> Recorded data
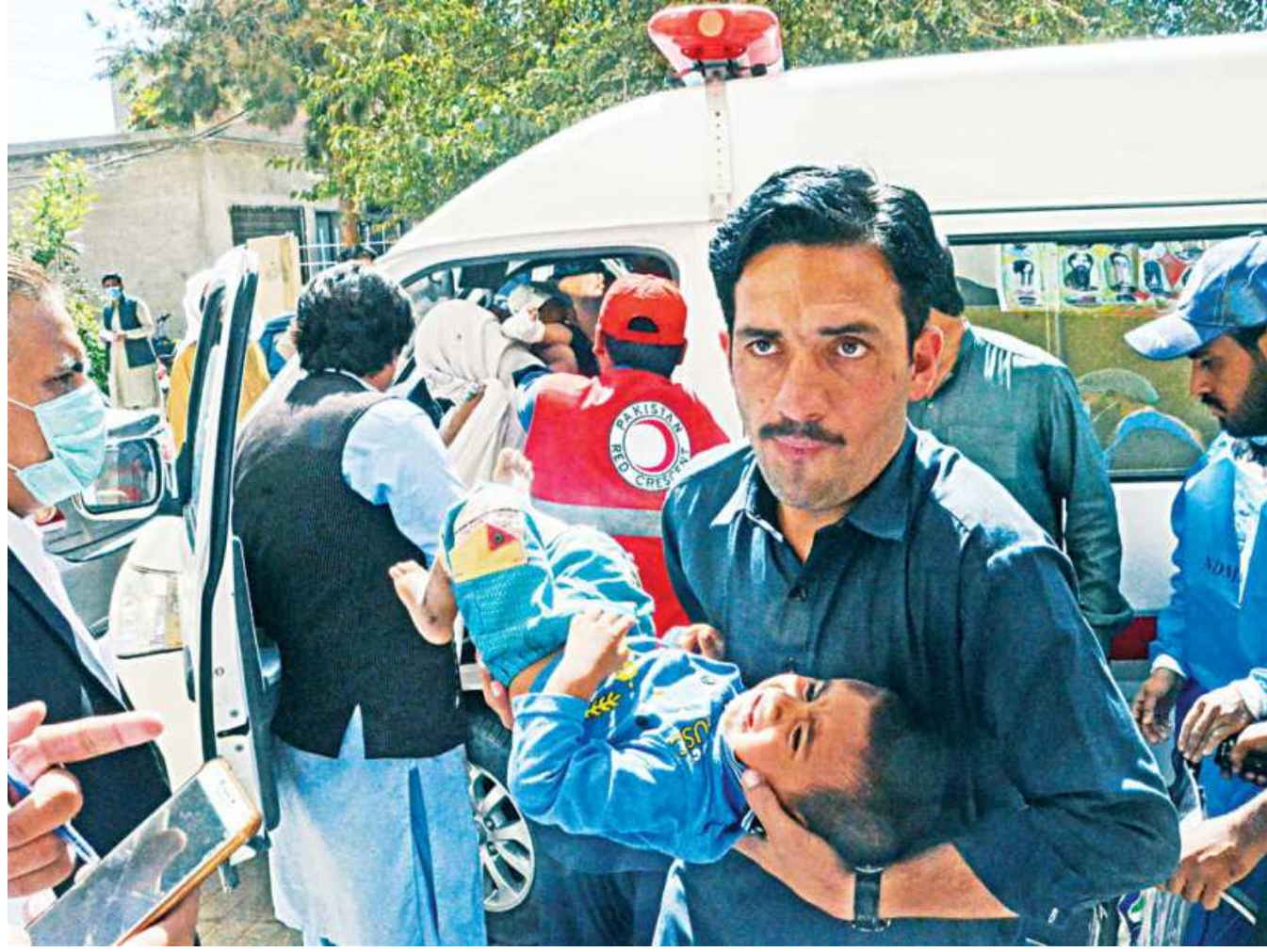
A man carries a boy who was injured, following an earthquake in Harnai, Balochistan, outside a hospital in Quetta, Pakistan yesterday. The tremor of magnitude 5.7 hit southern Pakistan in the early hours of yesterday, killing at least 20 people, most of them women and children, and injuring about 300, at a time when many victims were asleep, authorities said.

That could suggest that even if the virus develops resistance to JNJ-A07, it would no longer be transmissible via mosquitoes, effectively reaching a dead end in its host.
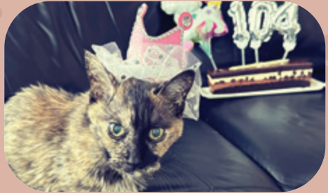
JC Cat, Evanston
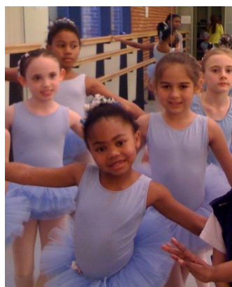
Bluebirds all ready to take the stage in Hansel & Gretel .

Many of the programs at Baltimore School for the Arts are made possible through contributions to the BSA Foundation, including 80% of the funding for TWIGS and all of the funding for college and summer scholarships, master classes and trips, performances and exhibitions, and so much more! We are grateful to our generous community for supporting BSA this year, and every year. You've helped to build an incredible school for our students, more than a thousand each year!
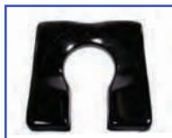
P61058 18"Wx18"D Ensolite® 2" waterfall foam Front Open Contoured Seat A-5.5"xB-8.25" opening
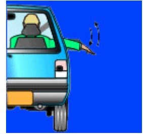
I intend to slow down or stop
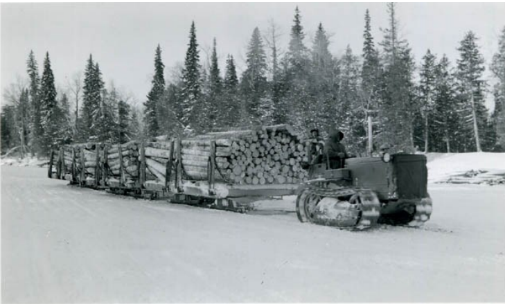
Figure 3: Tractor train used at Spruce Falls Power and Paper bush camps in the 1930s.

The mill owned its own railway known as the Smoky Line. It ran for about 50 miles north to a generating station at Smoky Falls. In addition to serving the Smoky Falls generating station and three other hydro-electric stations, the railway hauled pulpwood to Kapuskasing and served the Smoky Falls residents which had no road access until 1974. In 1946, a 10.5-mile spur line was built to Neshin Lake to pick up wood from the Opatatika River watershed.
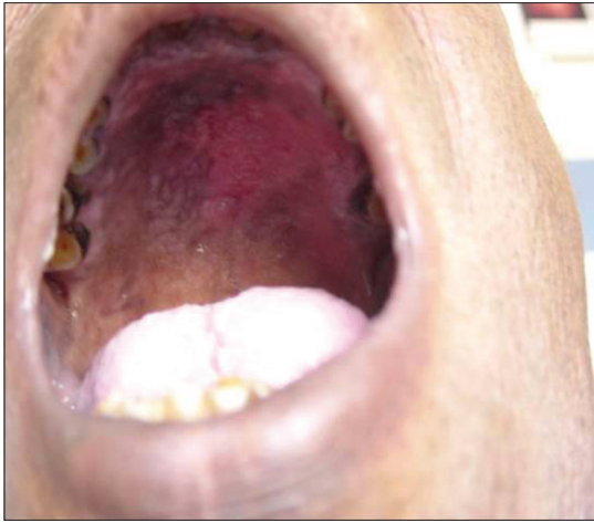
Figure 5: Response after external cobalt therapy, showing complete clearance of oral ulcer

and the breast is the most frequent primary site of carcinoma in women that metastasize to the skin. In addition, there may be a long time lag between the diagnosis of the primary neoplasm and recognition of the skin metastases. [3] Even in our case, the appearance of zosteriform lesions over the neck, which mimicked cutaneous metastases, made us investigate for any internal carcinoma and we found a squamous cell carcinoma over the hard palate, which was an unusual site with no previous similar reports in literature.
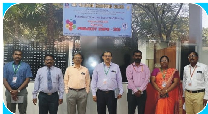
Project Exhibition Day
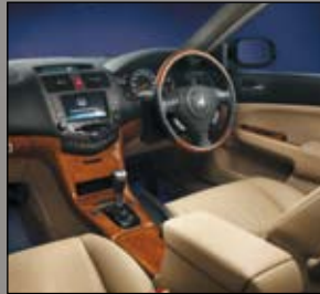
41 > Wood Look Interior Panel Kit
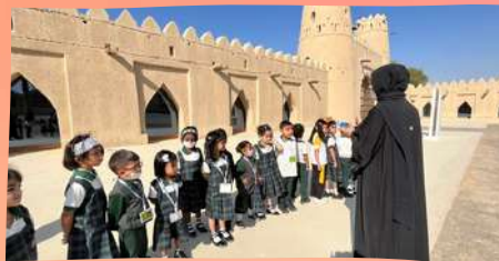
Host guiding students about the history and structure of the fort.
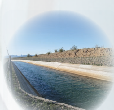
Colorado River via the 242-mile Colorado River Aqueduct

During its journey, your water remains safe due to increased security at key facilities, increased water sampling, and aerial and ground patrols. Protecting your water doesn't end with the thousands of tests performed throughout the year. Vallecitos also supports regulatory changes in public policy to improve water quality.
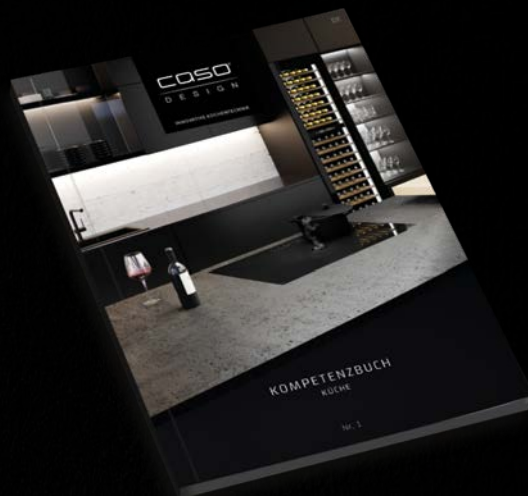
Competence book kitchen
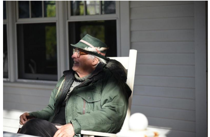
Edward Hoagland outside St. Andrew's church in Edgartown, Massachusetts, circa 2012.

of his delight at being able to speak freely to me... felt alarming. As a married woman, I couldn't imagine introducing him to my husband.
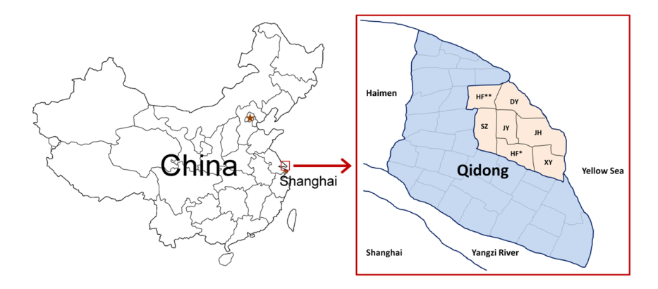
Figure 1. Location of the participants in the Qidong hepatitis B virus infection cohort
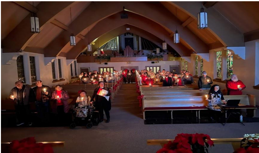
Christmas Eve Service December 24, 2021

Our Vision: We gather as believers who seek to grow in faith through worship, education and welcoming fellowship. We seek to share God's love with the community through word and deed. We extend Christ's love in service to our community and our world.
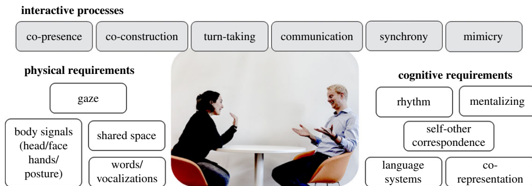
Figure 1. Building blocks of face-to-face interaction. Here we give examples of some interactive processes which cannot be fully studied in solitary individuals; this is not an exhaustive list but summarizes the processes examined in this special issue. For these processes to work, there are particular physical requirements in terms of shared spaces and the use of particular effectors; there are also particular cognitive requirements—processes that have been studied individually but which make a particular contribution or may be engaged differently in interaction.

interact as well as a shared physical (or virtual) space. Delineating the physical requirements of interactions may help us categorize and understand them. Interactive processes also have particular cognitive requirements—there may be basic types of cognition which are essential to interaction, and the figure shows some possible examples. Again, delineating which processes contribute to which interactions will be important in understanding if and how interaction builds on simpler cognitive systems.
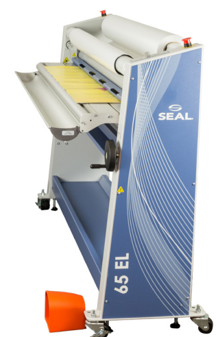
Shown with optional leveling feet, image guide and roll trough
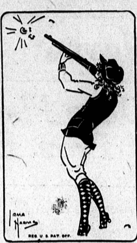
GABBY GERTIE "New Year's resolutions are like city pigeons—the more you make the more you break."
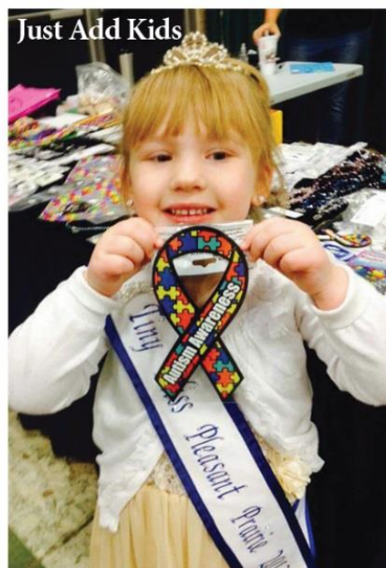
Just Add Kids
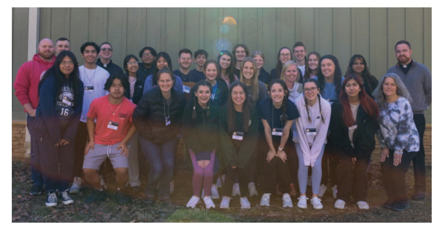
Lazarus Retreat #5 took place on Feb. 17-19, 2023 at Gasper River Catholic Youth Camp and Retreat Center.

Opportunities for youth to encounter Jesus Christ

> What the task requires
In the entries above, find lines with "virus" and copy each.

> Reply to the task
That could suggest that even if the virus develops resistance to JNJ-A07, it would no longer be transmissible via mosquitoes, effectively reaching a dead end in its host.
Figure 1. Location of the participants in the Qidong hepatitis B virus infection cohort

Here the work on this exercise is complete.